Boosted trees have other options that can help alleviate the risk of overfitting. The most obvious one is the learning rate, which discounts the impact of each new tree by \(\eta \in (0,1)\). When the learning rate is high, the algorithm learns too quickly and is prone to sticking close to the training data. When it’s low, the model learns very progressively, which can be efficient if there are sufficiently many trees in the ensemble. Indeed, the learning rate and the number of trees must be chosen synchronously: if both are low, the ensemble will learn nothing and if both are large, it will overfit. The arsenal of boosted tree parameters does not stop there. The penalizations, both of score values and of the number of leaves, are naturally a tool to prevent the model from going too deep in the particularities of the training sample. Finally, constraints of monotonicity like those mentioned in Section 6.4.5 are also an efficient way to impose some structure on the model and force it to detect particular patterns.

Lastly neural networks also have many options aimed at protecting them against overfitting. Just like for boosted trees, some of them are the learning rate and the penalization of weights and biases (via their norm). Constraints, like nonnegative constraints, can also help when the model theoretically requires positive inputs. Finally, dropout is always a direct way to reduce the dimension (number of parameters) of a network.

10.3 The search for good hyperparameters

10.3.1 Methods

Let us assume that there are \(p\) parameters to be defined before a model is run. The simplest way to proceed is to test different values of these parameters and choose the one that yields the best results. There are mainly two ways to perform these tests: independently and sequentially.

Independent tests are easy and come in two families: grid (deterministic) search and random exploration. The advantage of a deterministic approach is that it covers the space uniformly and makes sure that no corners are omitted. The drawback is the computation time. Indeed, for each parameter, it seems reasonable to test at least five values, which makes \(5^p\) combinations. If \(p\) is small (smaller than 3), this is manageable when the backtests are not too lengthy. When \(p\) is large, the number of combinations may become prohibitive. This is when random exploration can be useful because in this case, the user specifies the number of tests upfront and the parameters are drawn randomly (usually uniformly over a given range for each parameter). The flaw in random search is that some areas in the parameter space may not be covered, which can be problematic if the best choice is located there. It is nonetheless shown in Bergstra and Bengio (2012) that random exploration is preferable to grid search.

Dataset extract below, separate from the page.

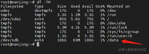在挂载前,我先看下数据盘到底有没有被挂载,执行以下命令:

Both grid and random searches are suboptimal because they are likely to spend time in zones of the parameter space that are irrelevant, thereby wasting computation time. Given a number of parameter points that have been tested, it is preferable to focus the search in areas where the best points are the most likely. This is possible via an interative process that adapts the search after each new point has been tested. In the large field of finance, a few papers dedicated to tuning are S. I. Lee (2020) and Nystrup, Lindstrom, and Madsen (2020).

One other popular approach in this direction is Bayesian optimization (BO). The central object is the objective function of the learning process. We call this function \(O\) and it can be widely seen as a loss function possibly combined with penalization and constraints. For simplicity here, we will not mention the training/testing samples and they are considered to be fixed. The variable of interest is the vector \(\textbf{p}=(p_1,\dots,p_l)\) which synthesizes the hyperparameters (learning rate, penalization intensities, number of models, etc.) that have an impact on \(O\). The program we are interested in is

\[\begin{equation} \tag{10.9} \textbf{p}_*=\underset{\textbf{p}}{\text{argmin}} \ O(\textbf{p}). \end{equation}\]

The main problem with this optimization is that the computation of \(O(\textbf{p})\) is very costly. Therefore, it is critical to choose each trial for \(\textbf{p}\) wisely. One key assumption of BO is that the distribution of \(O\) is Gaussian and that \(O\) can be proxied by a linear combination of the \(p_l\). Said differently, the aim is to build a Bayesian linear regression between the input \(\textbf{p}\) and the output (dependent variable) \(O\). Once a model has been estimated, the information that is concentrated in the posterior density of \(O\) is used to make an educated guess at where to look for new values of \(\textbf{p}\).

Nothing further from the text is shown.